Sharp global and almost everywhere convergence rates for periodic homogenization of viscous quadratic Hamilton-Jacobi equations

TL;DR

This paper establishes sharp convergence rates for the periodic homogenization of viscous quadratic Hamilton-Jacobi equations, providing both global and local estimates under certain regularity conditions.

Contribution

It proves optimal convergence rates, including a global logarithmic rate and a local linear rate under semiconcavity assumptions, for viscous Hamilton-Jacobi equations with periodic coefficients.

Findings

Global estimate: |u^ε - u| ≤ ε(C + (n/2) log((max{t,ε})/ε))

Local estimate: |u^ε - u| ≤ C_{x,t} ε where u(·,t) is twice differentiable

Improved local rate holds at almost every point due to semiconcavity

Abstract

We study the periodic homogenization of the viscous Hamilton--Jacobi equation \[ u_t^\varepsilon + \frac{1}{2}|Du^\varepsilon|^2 + V\!\left(\frac{x}{\varepsilon}\right) = \frac{\varepsilon}{2}\Delta u^\varepsilon \qquad \text{in } \mathbb{R}^n \times (0,\infty), \] with initial datum $g \in W^{1,\infty}(\mathbb{R}^n)$, where $V$ is Lipschitz continuous and $\mathbb{Z}^n$-periodic.
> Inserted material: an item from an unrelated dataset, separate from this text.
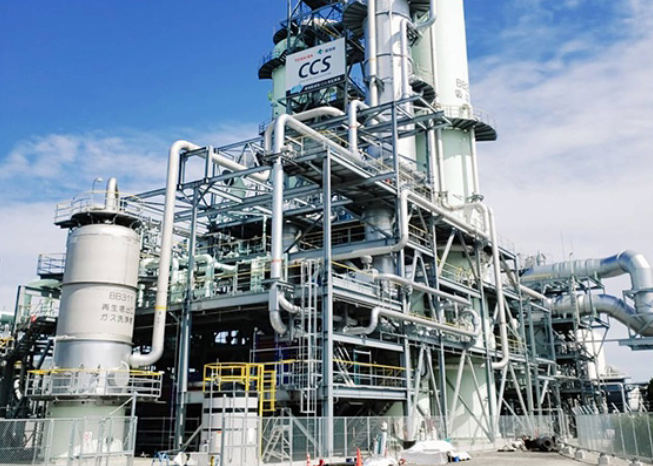 碳捕捉、利用与封存(CCUS)技术,就是捕捉并回收发电站排放的二氧化碳,将其用于种植农作物或培养藻类等用途,或者直接封存到地底深处的技术。虽然现在可再生能源的应用备受各界关注,但短时间内火力发电不可能退出历史舞台,电力的稳定供应仍然需要火力发电。鉴于此,如何削减碳排放,能否对二氧化碳加以有效利用,已成为应对气候变化的重要课题。东芝参与了多个碳捕获、利用与封存项目,其中之一是日本福冈县大牟田市三川发电站的大规模碳回收实测项目。该项目每天回收的二氧化碳超过600吨,占发电站单日总排放量的一半以上。

We prove the sharp global estimate \[ |u^\varepsilon(x,t)-u(x,t)| \leq \varepsilon\!\left(C+\frac{n}{2}\log\!\left(\frac{\max\{t,\varepsilon\}}{\varepsilon}\right)\right) \qquad \text{for all } (x,t)\in \mathbb{R}^n \times [0,\infty), \] where $\varepsilon \in (0,1]$, $u$ solves the limiting (homogenized) equation and $C>0$ is a constant depending only on $\|Dg\|_{L^\infty(\mathbb{R}^n)}$, $\|DV\|_{L^\infty(\mathbb{R}^n)}$, and $n$. We further show that if $g$ is locally semiconcave, then \[|u^\varepsilon(x,t)-u(x,t)| \leq C_{x,t}\varepsilon \qquad \text{for a.e. } (x,t)\in \mathbb{R}^n \times (0,\infty),\] where $C_{x,t}$ depends on $(x,t)$, $\|Dg\|_{L^\infty(\mathbb{R}^n)}$, and $\|DV\|_{L^\infty(\mathbb{R}^n)}$. More precisely, the above improved rate holds at every point $(x,t)$ where $u(\cdot,t)$ is twice differentiable at $x$. In particular, this occurs for a.e. $x\in \mathbb{R}^n$, since $u(\cdot,t)$ is locally semiconcave. We conclude by raising the open problem of whether the same $O(\varepsilon |\log \varepsilon|)$ rate remains valid for general strictly convex Hamiltonians or general periodic diffusions.